§ **Exercise directions**:
If a line in the listing contains "Figure", copy it out whole.

§ **Supplied data**:
+---+
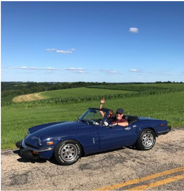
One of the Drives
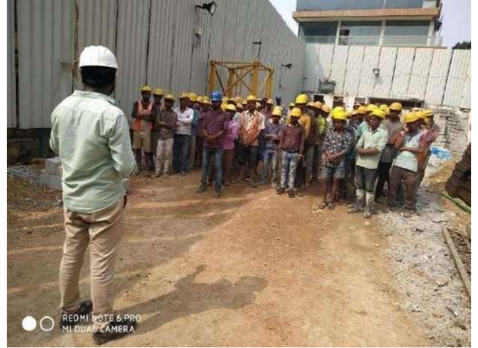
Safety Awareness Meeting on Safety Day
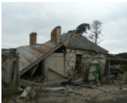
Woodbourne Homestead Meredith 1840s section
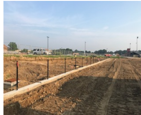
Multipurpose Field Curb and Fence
+---+
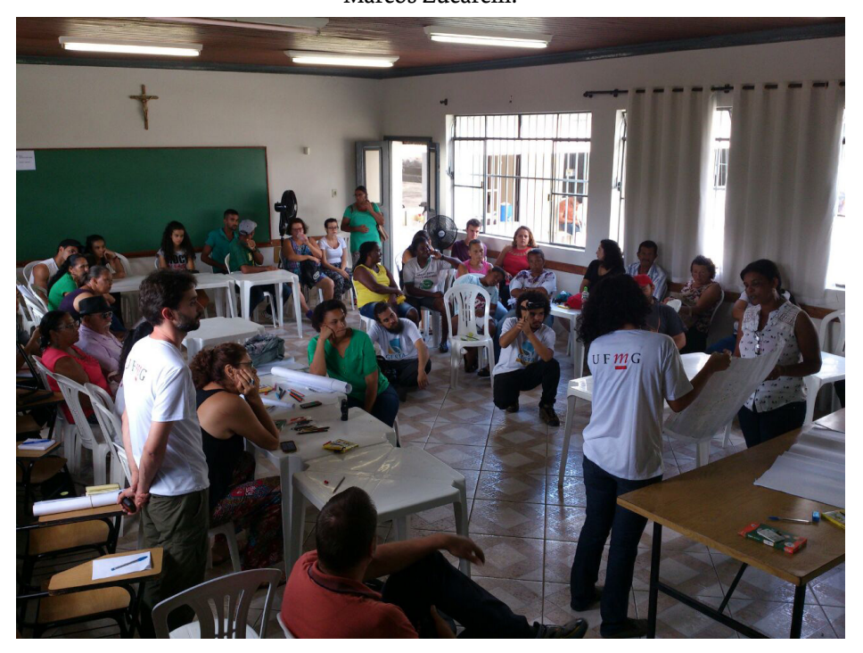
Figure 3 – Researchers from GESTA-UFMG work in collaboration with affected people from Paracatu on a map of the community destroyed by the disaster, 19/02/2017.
+---+
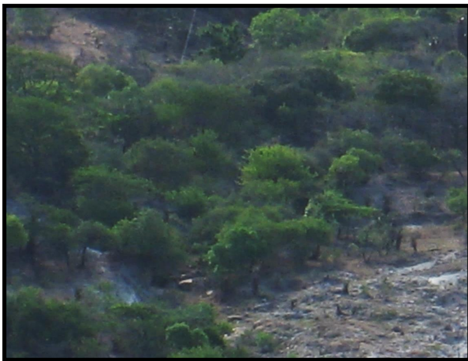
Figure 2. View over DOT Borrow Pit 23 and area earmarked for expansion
+---+
§ **Answer below**:
Figure 3 – Researchers from GESTA-UFMG work in collaboration with affected people from Paracatu on a map of the community destroyed by the disaster, 19/02/2017.
Figure 2. View over DOT Borrow Pit 23 and area earmarked for expansion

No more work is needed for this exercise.